About this task: Using the listing below, give again exactly the lines from the line with "These include the" to the line with "Beautiful woman and", inclusive, without the pictures.

Records supplied:
══════
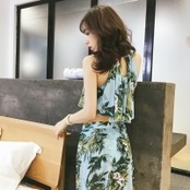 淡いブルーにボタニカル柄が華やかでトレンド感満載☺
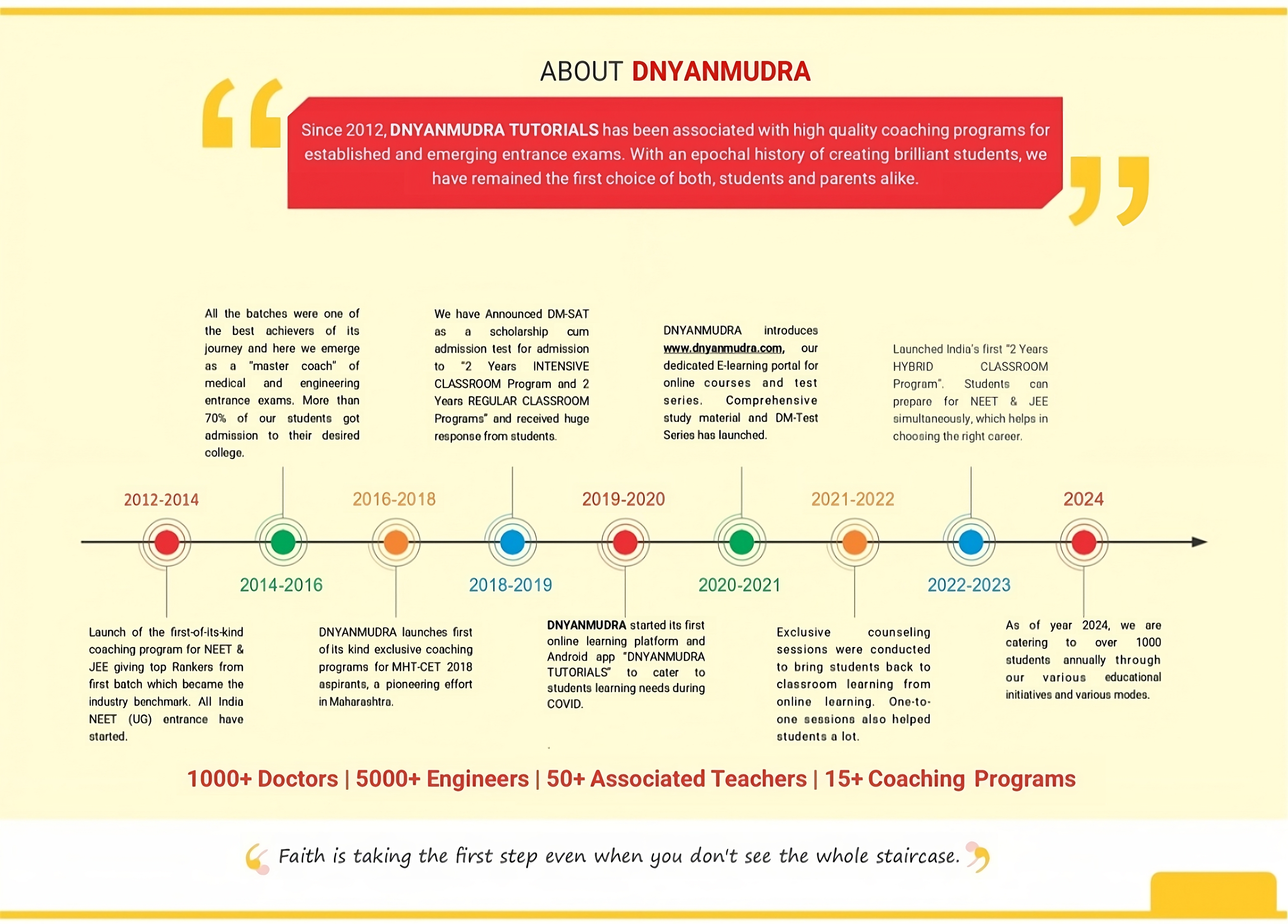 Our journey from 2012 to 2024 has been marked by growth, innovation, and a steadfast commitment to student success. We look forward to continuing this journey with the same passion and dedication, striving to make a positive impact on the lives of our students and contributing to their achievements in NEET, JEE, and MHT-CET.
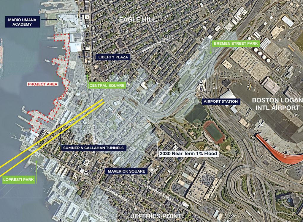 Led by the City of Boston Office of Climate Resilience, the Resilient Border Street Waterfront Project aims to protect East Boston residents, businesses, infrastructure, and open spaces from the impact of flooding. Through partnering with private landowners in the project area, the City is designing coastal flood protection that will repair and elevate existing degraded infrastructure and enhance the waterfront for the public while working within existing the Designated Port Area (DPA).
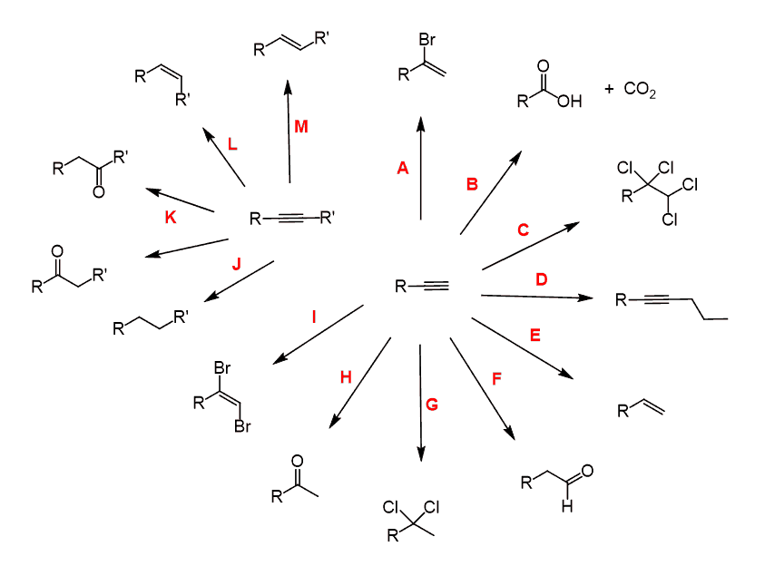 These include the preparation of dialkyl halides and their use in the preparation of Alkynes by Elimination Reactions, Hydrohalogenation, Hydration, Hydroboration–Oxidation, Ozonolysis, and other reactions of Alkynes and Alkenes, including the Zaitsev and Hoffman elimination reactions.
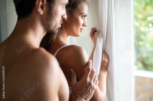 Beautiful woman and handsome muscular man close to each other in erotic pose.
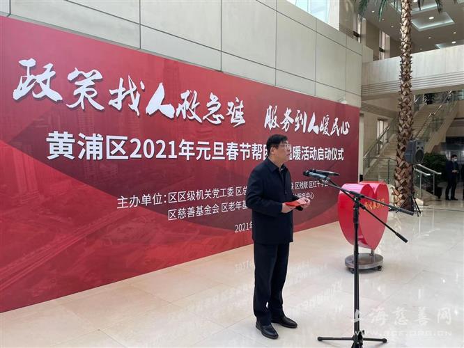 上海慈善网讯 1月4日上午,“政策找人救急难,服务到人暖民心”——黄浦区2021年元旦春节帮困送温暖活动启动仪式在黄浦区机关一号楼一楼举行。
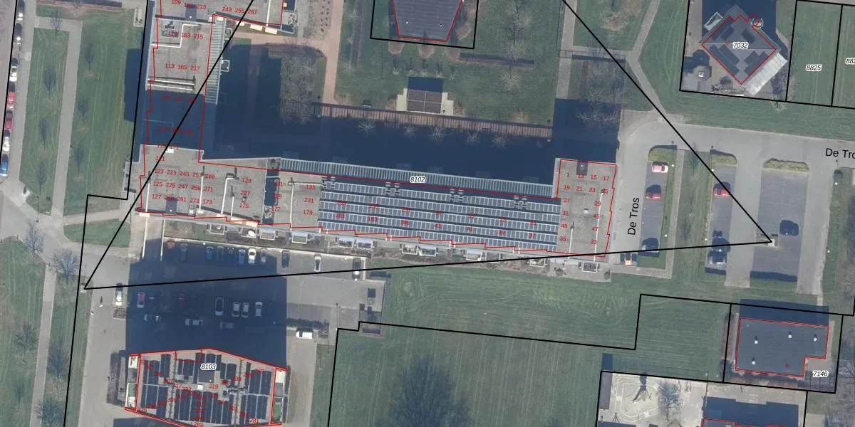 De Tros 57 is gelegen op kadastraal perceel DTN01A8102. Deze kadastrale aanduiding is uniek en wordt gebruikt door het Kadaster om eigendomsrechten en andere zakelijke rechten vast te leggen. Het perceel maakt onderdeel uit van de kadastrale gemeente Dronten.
══════
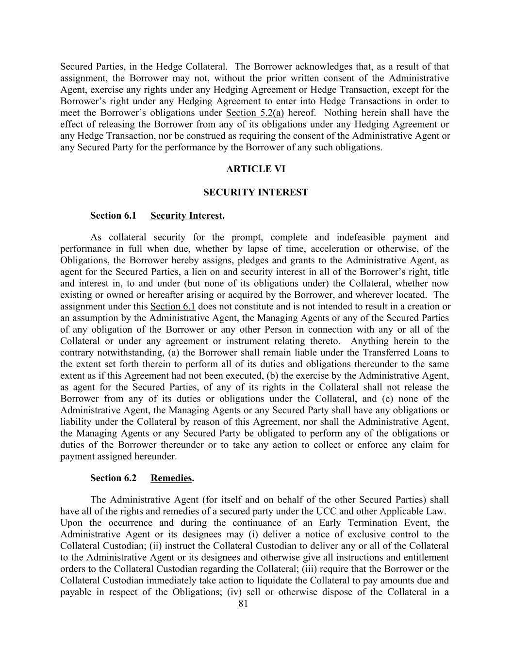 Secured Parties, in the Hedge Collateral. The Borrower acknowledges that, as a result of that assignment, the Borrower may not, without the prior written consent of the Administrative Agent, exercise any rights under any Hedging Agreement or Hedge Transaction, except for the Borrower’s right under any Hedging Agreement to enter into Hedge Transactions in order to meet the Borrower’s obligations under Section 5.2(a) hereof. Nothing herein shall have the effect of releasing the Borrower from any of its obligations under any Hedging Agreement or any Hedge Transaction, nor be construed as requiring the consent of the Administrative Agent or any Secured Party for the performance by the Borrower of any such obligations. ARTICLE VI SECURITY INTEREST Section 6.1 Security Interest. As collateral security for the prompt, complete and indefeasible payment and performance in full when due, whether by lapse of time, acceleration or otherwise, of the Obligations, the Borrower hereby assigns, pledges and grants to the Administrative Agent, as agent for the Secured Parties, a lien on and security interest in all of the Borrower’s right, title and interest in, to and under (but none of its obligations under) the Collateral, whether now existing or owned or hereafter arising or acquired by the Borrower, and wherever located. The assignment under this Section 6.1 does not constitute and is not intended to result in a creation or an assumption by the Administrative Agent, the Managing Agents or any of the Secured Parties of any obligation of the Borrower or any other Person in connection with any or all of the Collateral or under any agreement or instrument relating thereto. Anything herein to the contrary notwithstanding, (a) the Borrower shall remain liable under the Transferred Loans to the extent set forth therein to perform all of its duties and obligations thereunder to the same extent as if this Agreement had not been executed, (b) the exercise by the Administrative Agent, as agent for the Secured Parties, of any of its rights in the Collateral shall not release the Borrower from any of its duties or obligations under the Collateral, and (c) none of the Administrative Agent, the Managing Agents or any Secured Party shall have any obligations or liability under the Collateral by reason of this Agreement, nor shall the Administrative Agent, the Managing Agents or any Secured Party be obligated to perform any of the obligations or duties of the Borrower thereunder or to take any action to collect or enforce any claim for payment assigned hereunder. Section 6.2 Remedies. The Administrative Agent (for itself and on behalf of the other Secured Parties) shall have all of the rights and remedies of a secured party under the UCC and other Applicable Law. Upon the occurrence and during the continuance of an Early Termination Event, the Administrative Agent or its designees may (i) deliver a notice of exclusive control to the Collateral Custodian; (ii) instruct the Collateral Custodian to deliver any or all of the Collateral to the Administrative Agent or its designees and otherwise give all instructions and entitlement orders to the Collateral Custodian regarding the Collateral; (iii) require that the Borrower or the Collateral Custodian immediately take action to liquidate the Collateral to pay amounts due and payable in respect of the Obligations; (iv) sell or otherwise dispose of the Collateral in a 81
══════
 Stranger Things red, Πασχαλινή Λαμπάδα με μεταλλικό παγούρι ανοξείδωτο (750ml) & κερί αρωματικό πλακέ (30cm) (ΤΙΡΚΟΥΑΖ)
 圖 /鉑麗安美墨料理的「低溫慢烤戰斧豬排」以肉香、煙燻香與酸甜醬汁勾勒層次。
══════
Answer to this task:
 These include the preparation of dialkyl halides and their use in the preparation of Alkynes by Elimination Reactions, Hydrohalogenation, Hydration, Hydroboration–Oxidation, Ozonolysis, and other reactions of Alkynes and Alkenes, including the Zaitsev and Hoffman elimination reactions.
 Beautiful woman and handsome muscular man close to each other in erotic pose.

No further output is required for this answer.